Внезапно всё моё тело сотряслось, словно от мощного удара; от сердца к мозгу хлынул обратный поток. Каждый мой нерв трепетал; казалось, меня с головы до ног кололи острые иглы. Мы отстранились друг от друга, но теперь наши губы соединились с вновь пробужденным вожделением. Наши жаждущие слияния рты прижались друг к другу и принялись тереться друг о друга с такой неистовой силой, что из них начала сочиться кровь; казалось, эта влага хлынула из наших сердец, дабы в этот священный момент справить свадебный обряд древних племен — единение двух тел — через причастие не символическим вином, но самой кровью.
Некоторое время мм пребывали в состоянии всепоглощающего исступления, с каждой секундой испытывая все более восхитительное, сводящее с ума наслаждение от поцелуев; они доводили до безумия, разжигая пламя, которое невозможно было укротить, и возбуждая голод, который невозможно было утолить.
Эти поцелуи были квинтэссенцией любви.
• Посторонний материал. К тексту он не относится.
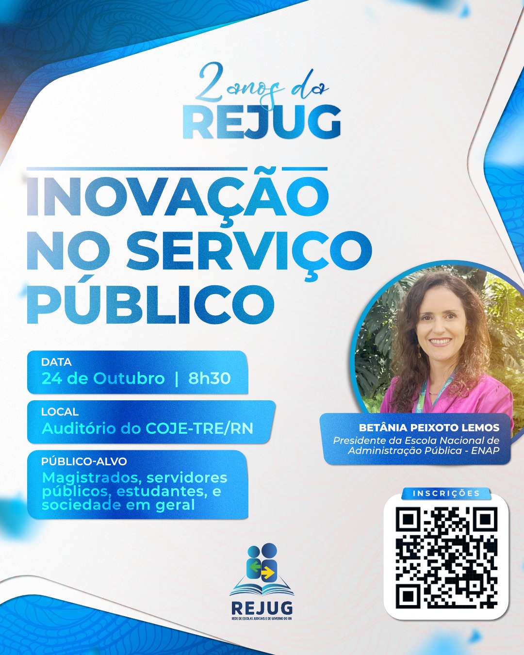 A Rede de Escolas Judiciais e de Governo do Rio Grande do Norte (REJUG-RN) celebra, dois anos de atuação e, para marcar a data, no próximo dia 24, às 8h30, no Centro de Operações do Tribunal Regio nal Eleitoral do Rio Grande do Norte - COJE, haverá a palestra “Inovação no Serviço Público” ministrada pela presidente da Escola Nacional de Administração Pública - ENAP, Betânia Peixoto Lemos, doutora em economia e cuja carreira é focada em formação de profissionais e inovação no serviço público.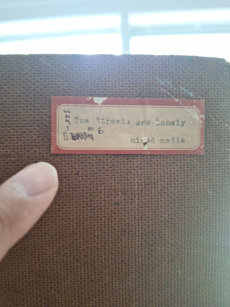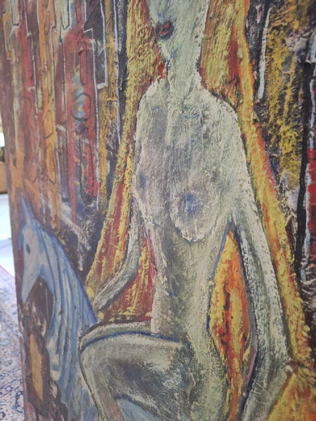 A surrealist original mid century modern painting depicting a Nude Girl on a magical horse in a cityscape. This is a period correct mid century modern era painting in all original condition with natural normal wear on the corners consistant with age with no paint loss Signed and labeled on back. Mixed media 100% hand painted original. With original label with title and a price tag of $325 from 1960's which is equivalent to $3250 today. Please contact me as I believe this is an important 20th Century work of art. Never framed. Impressive Provenance provided upon request.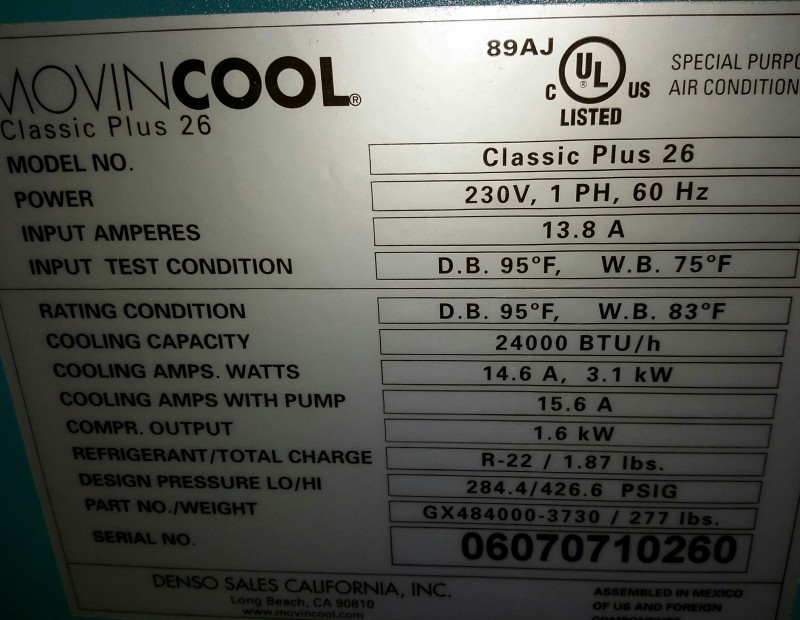 Description: 1 each Movin Cool Classic Plus 26 mobile air conditioner.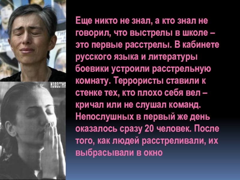 в школе – это первые расстрелы. В кабинете русского языка и литературы боевики устроили расстрельную комнату. Террористы ставили к стенке тех, кто плохо себя вел – кричал или не слушал команд. Непослушных в первый же день оказалось сразу 20 человек. После того, как людей расстреливали, их выбрасывали в окно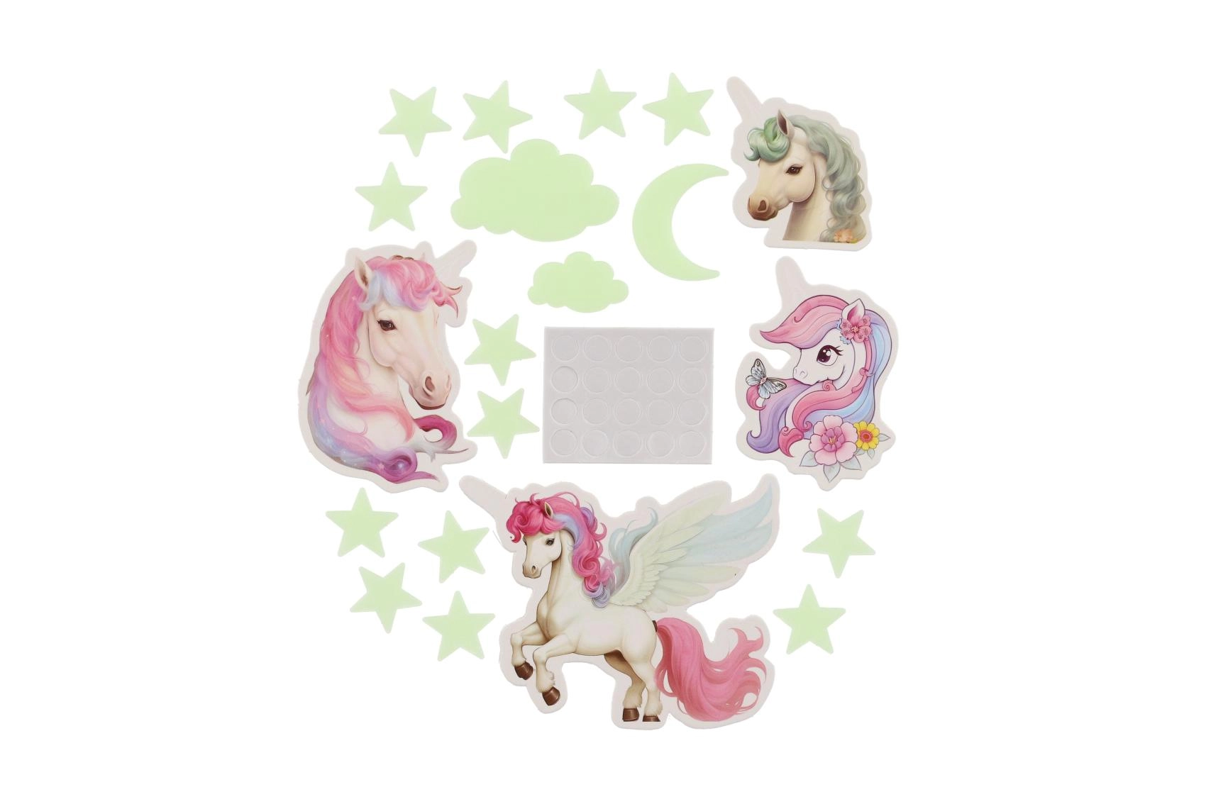 Erschaffen Sie für Kinder eine magische Welt direkt in ihrem Zimmer. Nach dem Aufladen strahlen die leuchtenden Einhörner und zaubern ein sanftes Licht, das beruhigt und beim Einschlafen hilft. Das Set enthält verschiedene Formen und Größen der Einhörner für kreatives Dekorieren von Wänden und Decken.
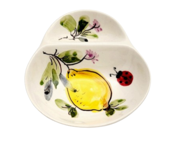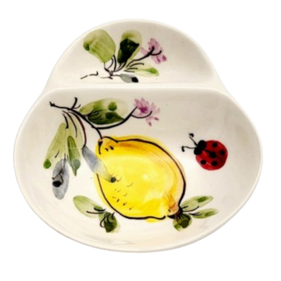 Azeitoneira em faiança pintada à mão, decoração Limões, disponível em dois tamanhos, selecione o tamanho pretendido na opção de escolha abaixo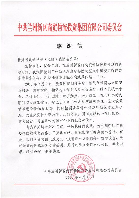 4月15日,一封字里行間滿懷真摯感謝的文件送到甘肅建投新區(qū)公司,文件中向甘肅建投的每一名建設(shè)者、維保者和工作人員致以崇高的敬意和衷心的感謝,這是全體人員無(wú)私付出贏得的嘉獎(jiǎng),這是共產(chǎn)黨員“守初心、擔(dān)使命”形成合力取得的成績(jī),這是甘肅建投沖在第一線“戰(zhàn)疫”樹起的榜樣。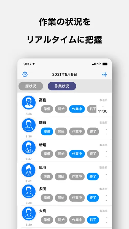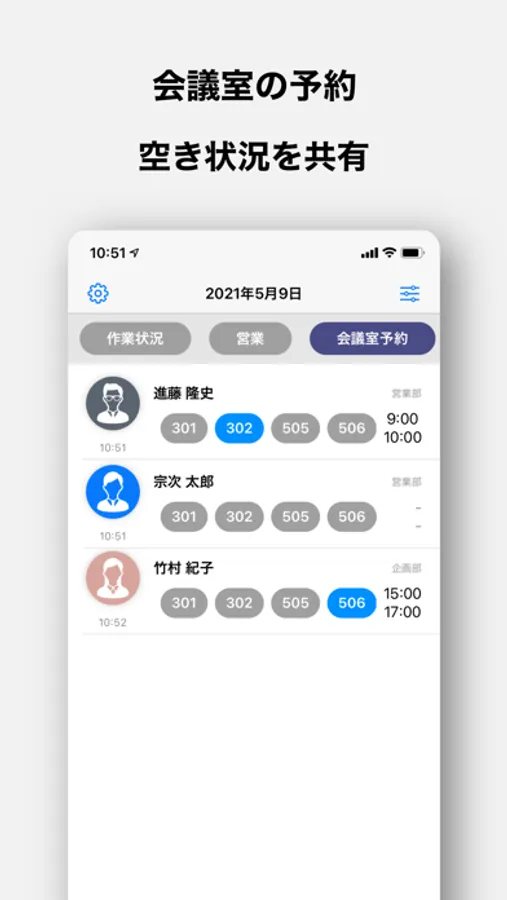チーム行動管理はリアルタイムで状況を共有できます。例えば、メンバー同士での在席状態であったり、作業の進捗状況であったり、会議室予約などにも応用出来ます。

Все, что было в нас возвышенного — сама наша сущность, — поднималось с наших губ как пары эфирной, пьянящей, божественной жидкости.
Затихшая, смолкшая природа, казалось, затаив дыхание, наблюдала за нами, ибо на земле ей редко доводилось — если вообще доводилось — видеть столь исступленное блаженство. Я был подавлен, сломлен, разбит. Земля плыла у меня перед глазами, уходила из-под ног. У меня больше не было сил стоять. Я чувствовал дурноту и слабость. Я умирал? Если так, то смерть — самый счастливый момент в нашей жизни, ибо такое наслаждение нельзя испытать дважды.
Долго ли я был без сознания? Не могу сказать. Знаю только, очнулся средь бури; вокруг бурлила вода. Понемногу я пришёл в себя и попытался высвободиться из его объятий.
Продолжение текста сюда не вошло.